© koen bauters

 » La défense est un art aussi noble que l’attaque « 

L’auteur italien Sandro Veronesi prouve que la littérature et le football font parfois bon ménage. Dans son recueil d’éditoriaux sportifs Un dio ti guarda, il chante son amour pour la Juventus, adversaire du Real Madrid en finale de la Ligue des Champions.

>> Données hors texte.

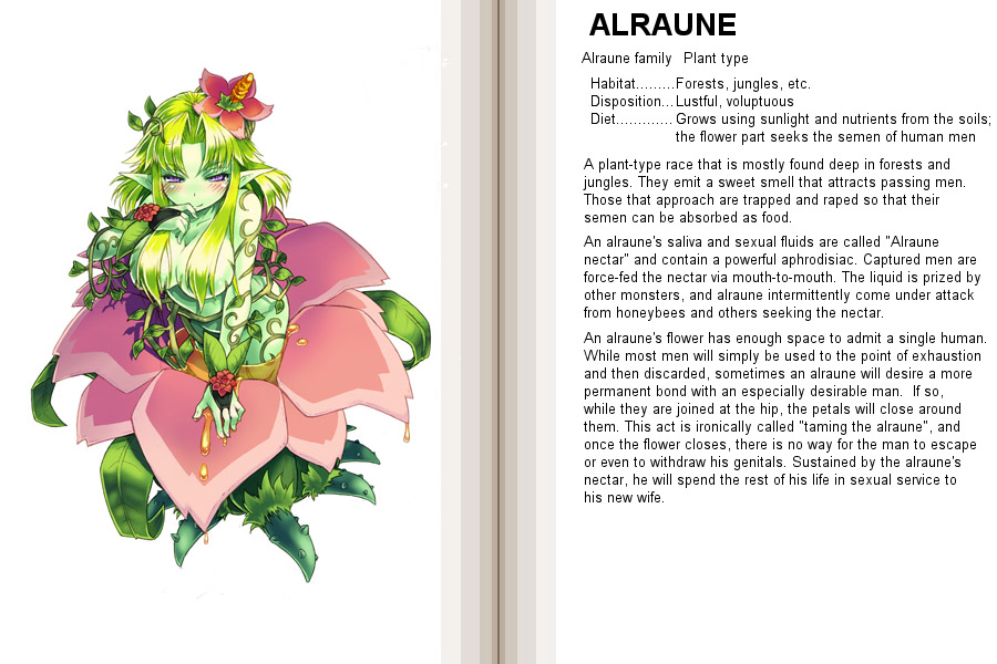 1girlblushbreastscharacter profilecolored skincomparisoncompletely nudeconvenient censoringenglish textflowergreen hairgreen skinlarge breastslong hairmonster girlnudeplantplant girlpointy earstopless female

Dans Chaos calme, son best-seller de 2005 adapté au cinéma, l’auteur italien Sandro Veronesi (58) raconte à des millions de gens l’histoire de Pietro Paladini, qui a mis sa vie entre parenthèses après le décès inopiné de son épouse. Ce livre a fait de lui l’un des écrivains les plus populaires de sa génération. Terres rares, son dernier roman, a été primé mais il a également écrit Un dio ti guarda (Un dieu veille sur toi), un recueil d’éditoriaux sportifs dans lesquels il met en valeur le côté tragique des héros (Marcello Lippi, Roberto Baggio, Michael Jordan, Roger Federer,…) et la Juventus, le club de son coeur.

Il est récemment venu à Bruges à l’occasion d’un festival de littérature et nous avons rencontré un auteur passionné qui ne s’est arrêté de parler que pour tremper ses lèvres dans un expresso. Il ne cachait pas qu’il était très heureux d’être interviewé, pour une fois, par un journaliste sportif et de pouvoir ainsi casser les barrières qui existent entre la culture et le football.

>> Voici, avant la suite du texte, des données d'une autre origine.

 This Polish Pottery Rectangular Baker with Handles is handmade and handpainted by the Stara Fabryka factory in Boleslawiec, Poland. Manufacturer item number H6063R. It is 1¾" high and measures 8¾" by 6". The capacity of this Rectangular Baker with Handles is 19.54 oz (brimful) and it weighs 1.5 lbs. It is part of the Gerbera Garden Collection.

 » Quand j’étais jeune, le monde de la culture était réservé aux snobs « , dit Sandro Veronesi.  » Un écrivain qui aimait le football, ce n’était pas possible. La Repubblica, un des plus grands quotidiens italiens, n’avait pas de pages sportives. Le sport était mal vu. Pendant des années, ce journal n’a pas publié les résultats sportifs du week-end. Mais on progresse : aujourd’hui, La Repubblica compte au moins quatre pages sportives (il rit).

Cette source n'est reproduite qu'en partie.